**Exercise instructions**: Restate verbatim the span of lines below between the line with "7,烧水期间我们擀面条,先擀" and the line with "Add a touch", including those two lines, and only that span.

**Given information**:
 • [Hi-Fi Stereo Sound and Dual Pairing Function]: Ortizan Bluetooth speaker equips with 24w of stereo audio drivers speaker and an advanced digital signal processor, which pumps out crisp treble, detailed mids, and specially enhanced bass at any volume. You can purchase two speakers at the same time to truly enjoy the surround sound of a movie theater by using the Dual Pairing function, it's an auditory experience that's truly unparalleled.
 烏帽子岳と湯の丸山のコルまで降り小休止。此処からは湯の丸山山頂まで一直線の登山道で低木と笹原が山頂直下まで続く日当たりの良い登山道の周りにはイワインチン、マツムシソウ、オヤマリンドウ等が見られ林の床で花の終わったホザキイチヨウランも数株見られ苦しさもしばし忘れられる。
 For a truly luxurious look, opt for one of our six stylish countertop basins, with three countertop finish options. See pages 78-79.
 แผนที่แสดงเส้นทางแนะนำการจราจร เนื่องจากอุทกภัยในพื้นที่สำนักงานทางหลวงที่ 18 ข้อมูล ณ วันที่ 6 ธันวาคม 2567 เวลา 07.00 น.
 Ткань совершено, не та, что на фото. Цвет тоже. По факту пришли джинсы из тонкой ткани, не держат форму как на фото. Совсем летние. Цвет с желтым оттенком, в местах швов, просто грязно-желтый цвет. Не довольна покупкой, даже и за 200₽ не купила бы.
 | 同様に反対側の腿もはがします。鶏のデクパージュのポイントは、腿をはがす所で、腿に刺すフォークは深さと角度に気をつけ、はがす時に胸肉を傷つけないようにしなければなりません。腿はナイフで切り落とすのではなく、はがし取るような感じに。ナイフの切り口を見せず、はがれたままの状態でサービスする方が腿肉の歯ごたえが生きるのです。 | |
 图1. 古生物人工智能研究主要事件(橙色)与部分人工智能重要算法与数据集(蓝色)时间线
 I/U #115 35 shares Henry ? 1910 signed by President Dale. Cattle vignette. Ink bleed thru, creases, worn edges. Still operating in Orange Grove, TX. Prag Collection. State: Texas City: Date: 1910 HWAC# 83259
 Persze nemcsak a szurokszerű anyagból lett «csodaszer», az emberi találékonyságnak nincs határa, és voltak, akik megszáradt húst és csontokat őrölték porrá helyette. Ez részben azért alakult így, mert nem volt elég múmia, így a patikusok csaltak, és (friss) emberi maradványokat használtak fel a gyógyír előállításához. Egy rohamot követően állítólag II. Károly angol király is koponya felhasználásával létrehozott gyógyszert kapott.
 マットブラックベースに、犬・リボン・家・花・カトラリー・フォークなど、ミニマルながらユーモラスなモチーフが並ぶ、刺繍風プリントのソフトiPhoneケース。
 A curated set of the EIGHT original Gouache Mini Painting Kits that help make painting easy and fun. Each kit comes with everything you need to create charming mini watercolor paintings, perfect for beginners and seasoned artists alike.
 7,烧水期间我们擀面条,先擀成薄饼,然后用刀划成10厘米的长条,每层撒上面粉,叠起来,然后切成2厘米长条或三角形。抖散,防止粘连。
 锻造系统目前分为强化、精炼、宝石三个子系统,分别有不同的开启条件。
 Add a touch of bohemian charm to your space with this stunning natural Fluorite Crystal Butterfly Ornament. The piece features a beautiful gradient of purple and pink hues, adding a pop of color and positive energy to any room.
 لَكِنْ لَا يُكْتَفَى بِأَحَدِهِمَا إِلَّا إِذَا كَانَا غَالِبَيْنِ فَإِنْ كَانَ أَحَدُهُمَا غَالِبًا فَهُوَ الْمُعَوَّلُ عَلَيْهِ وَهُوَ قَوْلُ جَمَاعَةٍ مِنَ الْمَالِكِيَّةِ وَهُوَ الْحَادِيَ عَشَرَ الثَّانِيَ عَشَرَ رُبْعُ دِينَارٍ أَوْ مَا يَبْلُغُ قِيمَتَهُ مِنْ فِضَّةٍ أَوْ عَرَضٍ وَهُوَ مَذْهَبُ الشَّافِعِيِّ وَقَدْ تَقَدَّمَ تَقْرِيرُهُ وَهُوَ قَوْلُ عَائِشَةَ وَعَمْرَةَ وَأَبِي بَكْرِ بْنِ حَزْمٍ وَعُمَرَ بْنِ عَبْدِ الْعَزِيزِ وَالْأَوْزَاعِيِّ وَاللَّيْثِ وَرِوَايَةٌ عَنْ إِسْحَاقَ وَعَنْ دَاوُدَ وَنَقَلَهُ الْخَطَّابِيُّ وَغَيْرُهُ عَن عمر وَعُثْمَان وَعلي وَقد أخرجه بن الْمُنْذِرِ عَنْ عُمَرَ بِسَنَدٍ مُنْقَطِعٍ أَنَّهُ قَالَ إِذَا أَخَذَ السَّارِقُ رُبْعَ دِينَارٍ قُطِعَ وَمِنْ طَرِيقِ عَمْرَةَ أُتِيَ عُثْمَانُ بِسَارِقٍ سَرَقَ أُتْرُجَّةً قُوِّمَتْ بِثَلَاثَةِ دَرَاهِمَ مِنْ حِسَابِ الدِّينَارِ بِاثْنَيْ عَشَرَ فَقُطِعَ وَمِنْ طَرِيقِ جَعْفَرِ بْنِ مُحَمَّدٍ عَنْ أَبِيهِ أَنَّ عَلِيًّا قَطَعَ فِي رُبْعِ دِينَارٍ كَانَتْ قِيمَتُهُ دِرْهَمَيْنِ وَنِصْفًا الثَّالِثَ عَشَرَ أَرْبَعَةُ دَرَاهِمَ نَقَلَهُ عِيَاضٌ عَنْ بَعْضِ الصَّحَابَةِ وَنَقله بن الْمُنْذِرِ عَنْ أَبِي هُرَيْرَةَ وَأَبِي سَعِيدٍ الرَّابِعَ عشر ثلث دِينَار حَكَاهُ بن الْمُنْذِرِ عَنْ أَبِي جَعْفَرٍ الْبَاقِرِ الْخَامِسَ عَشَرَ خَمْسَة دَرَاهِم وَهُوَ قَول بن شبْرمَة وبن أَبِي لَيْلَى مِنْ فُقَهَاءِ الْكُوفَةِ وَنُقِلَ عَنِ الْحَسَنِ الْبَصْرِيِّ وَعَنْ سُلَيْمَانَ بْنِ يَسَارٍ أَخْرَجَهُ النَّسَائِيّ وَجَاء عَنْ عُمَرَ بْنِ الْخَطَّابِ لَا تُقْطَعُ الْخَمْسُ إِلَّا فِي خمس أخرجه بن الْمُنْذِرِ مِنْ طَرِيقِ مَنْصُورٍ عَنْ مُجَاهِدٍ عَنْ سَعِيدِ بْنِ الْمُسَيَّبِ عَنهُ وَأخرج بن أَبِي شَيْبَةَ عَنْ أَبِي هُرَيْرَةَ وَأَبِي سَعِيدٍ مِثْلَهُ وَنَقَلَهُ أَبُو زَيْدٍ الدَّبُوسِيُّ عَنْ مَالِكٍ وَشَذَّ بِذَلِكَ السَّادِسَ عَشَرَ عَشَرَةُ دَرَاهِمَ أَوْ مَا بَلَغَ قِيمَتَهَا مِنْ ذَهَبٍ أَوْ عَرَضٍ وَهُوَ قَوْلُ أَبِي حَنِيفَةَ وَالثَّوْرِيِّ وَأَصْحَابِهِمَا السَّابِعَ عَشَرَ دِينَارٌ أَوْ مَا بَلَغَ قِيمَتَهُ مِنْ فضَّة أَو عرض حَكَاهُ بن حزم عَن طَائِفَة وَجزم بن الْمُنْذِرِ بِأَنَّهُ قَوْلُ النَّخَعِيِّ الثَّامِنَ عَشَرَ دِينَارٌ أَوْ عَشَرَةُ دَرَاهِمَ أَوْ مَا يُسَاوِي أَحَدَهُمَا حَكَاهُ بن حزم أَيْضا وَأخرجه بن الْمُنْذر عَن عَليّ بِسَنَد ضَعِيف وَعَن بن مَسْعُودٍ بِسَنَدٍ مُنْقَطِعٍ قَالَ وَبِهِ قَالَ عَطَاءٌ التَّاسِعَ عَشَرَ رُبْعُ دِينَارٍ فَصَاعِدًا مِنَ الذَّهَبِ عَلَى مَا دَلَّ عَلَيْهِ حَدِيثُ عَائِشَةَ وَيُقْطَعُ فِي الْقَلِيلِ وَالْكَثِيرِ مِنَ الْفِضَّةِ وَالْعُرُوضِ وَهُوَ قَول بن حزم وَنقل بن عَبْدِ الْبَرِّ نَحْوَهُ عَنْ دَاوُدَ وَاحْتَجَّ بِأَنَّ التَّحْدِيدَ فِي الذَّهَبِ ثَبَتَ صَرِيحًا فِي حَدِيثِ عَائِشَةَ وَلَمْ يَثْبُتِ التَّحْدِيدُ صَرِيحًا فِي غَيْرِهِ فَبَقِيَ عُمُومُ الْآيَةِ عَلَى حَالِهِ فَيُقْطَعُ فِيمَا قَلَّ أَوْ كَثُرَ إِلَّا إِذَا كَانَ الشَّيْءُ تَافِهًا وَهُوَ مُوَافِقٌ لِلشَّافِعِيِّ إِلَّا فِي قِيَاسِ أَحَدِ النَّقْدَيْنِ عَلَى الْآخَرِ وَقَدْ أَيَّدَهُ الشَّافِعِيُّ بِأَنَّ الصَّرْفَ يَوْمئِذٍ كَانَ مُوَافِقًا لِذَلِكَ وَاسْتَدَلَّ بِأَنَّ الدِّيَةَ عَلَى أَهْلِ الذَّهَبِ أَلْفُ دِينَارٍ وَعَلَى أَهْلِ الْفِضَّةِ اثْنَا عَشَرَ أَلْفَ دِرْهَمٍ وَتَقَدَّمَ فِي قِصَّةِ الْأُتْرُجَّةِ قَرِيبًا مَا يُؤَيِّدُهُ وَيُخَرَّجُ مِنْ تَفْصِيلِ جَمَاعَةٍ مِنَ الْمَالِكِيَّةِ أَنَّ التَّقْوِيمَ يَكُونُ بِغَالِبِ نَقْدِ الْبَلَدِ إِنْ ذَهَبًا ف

**Expected answer**:
 7,烧水期间我们擀面条,先擀成薄饼,然后用刀划成10厘米的长条,每层撒上面粉,叠起来,然后切成2厘米长条或三角形。抖散,防止粘连。
 锻造系统目前分为强化、精炼、宝石三个子系统,分别有不同的开启条件。
 Add a touch of bohemian charm to your space with this stunning natural Fluorite Crystal Butterfly Ornament. The piece features a beautiful gradient of purple and pink hues, adding a pop of color and positive energy to any room.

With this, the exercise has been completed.